The engines of an ASL Airlines Belgium 747 freighter are cooling down on the tarmac at Liege Airport (LGG), where the aircraft is resting after an 11-hour flight from Ürümqi Diwopu Airport (URC) in China’s far-western Xinjiang province. A crew of neon-vested ground handlers quickly whisk a mix of pallets and containers off the massive aircraft. Much of the cargo is comprised of tightly packed bags of miscellaneous, individually packaged products – telltale signs that most of the cargo is e-commerce-related.
Once the aircraft is unloaded, and the contents clear customs, transitory e-commerce consignments are sequestered to a nearby facility, where workers standby to process the parcels. Within a matter of hours, preaddressed packages have been manually sorted and are ready to be handed off to the next leg of the journey – whether it be final-mile delivery, or intra-Europe post.
Across many European countries, air-to-final-mile has been a winning combination for e-commerce. This had long been the case in Sweden where, like in many European Union (E.U.) countries, e-commerce continues to grow at double-digit rates. PostNord handles the final-mile for most inbound flows to the country by connecting air imports to the post’s last-mile delivery network. During peak periods in 2017, such as lead up to Christmas, the postal operator processed more than 160,000 parcels per day, according to Expressen.

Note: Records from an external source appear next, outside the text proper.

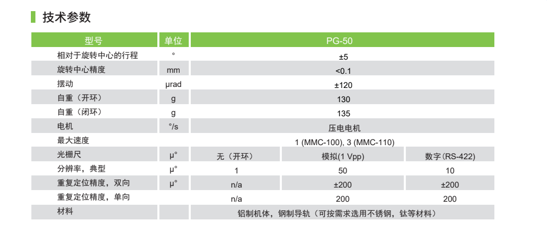 PG-50角位移平臺的緊湊設計,在有限的空間中應用表現(xiàn)良好。通過預加載的交叉滾子導軌實現(xiàn)高剛度運動。這些載物臺可以安裝在正交的、節(jié)省空間的布置中,以實現(xiàn)俯仰和翻滾調節(jié)。可提供真空(10-9mbar)中操作的版本。PG-50兼容MMC-100和MMC-110控制器。
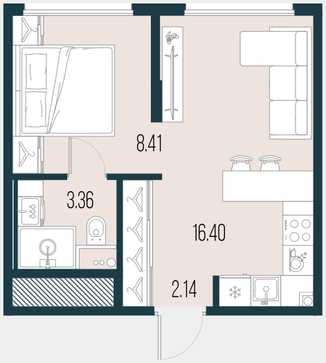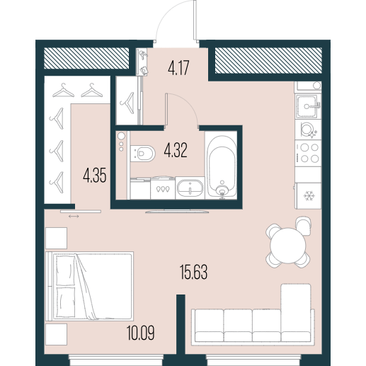 Однокомнатные квартиры (3 квартиры, 3 планировки)
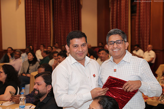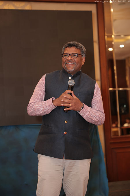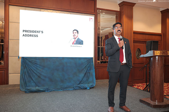 In the president’s address, Pramod emphasized the importance of collaboration. He shared key examples of collaborative successes between KE Bangalore and KE Dubai members – amalgamating online and offline businesses and overcoming geographical boundaries. In local context, he reaffirmed the book launch of Waves of Grit earlier this month that was a tangible consequence of collaborated execution – an idea planted by Immediate past president, Claudius Pereira, and nurtured by former KE director memberships James Coelho and supported to publication by Nigel Fernandes (ATC Publishers) and Peter Anil Rego (Brilliant Printers). In his reflective anecdote, he showcased the value of 1 + 1 being greater than 2 for entrepreneurial mindsets and those who knew how to collaborate. In a short slideshow on a recent survey of KE members, Pramod also highlighted the compounding effects of networking and the underlying value of KE: ‘Giving’.
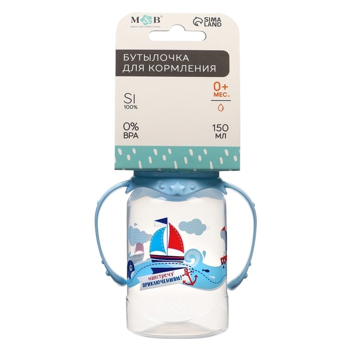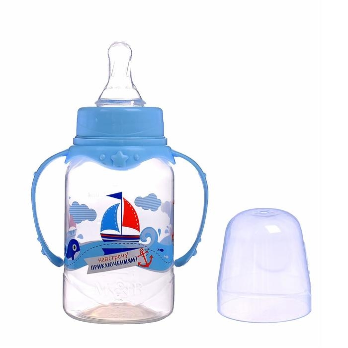 Бутылочка для кормления «Морское приключение», классическое горло, с ручками, 150 мл., от 0 мес., цвет голубой
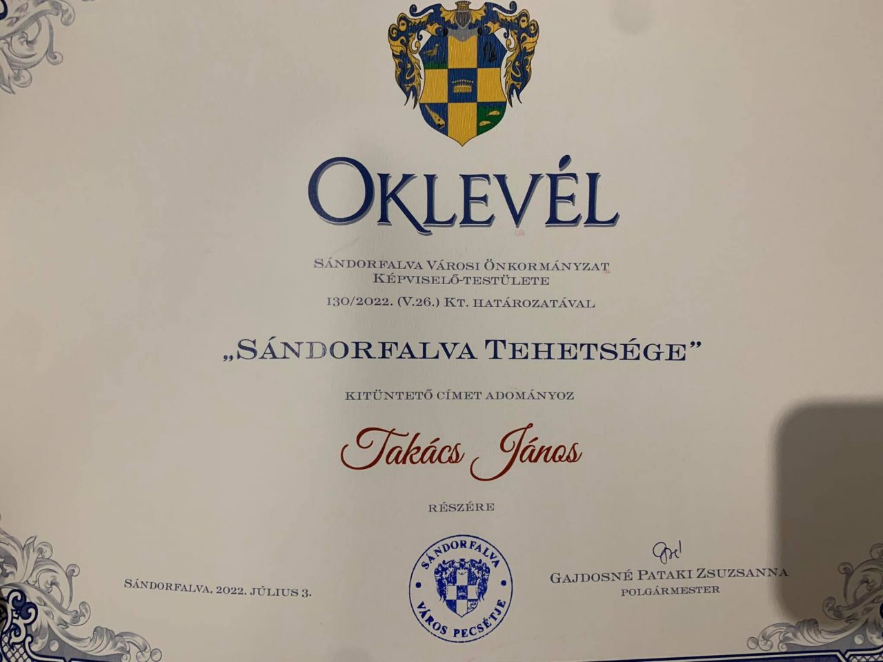 -Büszke vagyok, és megtisztelő, hogy díszpolgári címet kaptam. Sándorfalva az otthonom, nagyon sokat jelent az életemben és egészen biztos vagyok benne, hogy ez is szükséges volt a sikereimhez, a jövőben is szeretném öregbíteni a település hírnevét-mondta Janó a díj átvétele után.

As Sweden witnessed in Spring 2018, however, incessant cross-border growth e-commerce growth is not unstoppable. In March 2018, import airmail processing volumes suddenly slowed to a trickle at the post’s Stockholm facility, and by mid-April PostNord had amassed more than 400,000 refused packages, most of which needed to be returned to China.
The cause of the hiccup? A bold political move, it turns out. On March 1, 2018, Sweden began assessing a value-added-tax (VAT) on all postal items arriving from non-E.U. countries. Customers caught off-guard by the measure, which was announced just weeks prior, suddenly found themselves owing VAT and postal service fees – in some cases equating to more than the value of the parcels’ contents. The Swedish experience should be heeded as a warning of what could happen elsewhere, particularly as new legislation from the E.U. Commission now threatens to burst the E.U. cross-border e-commerce bubble.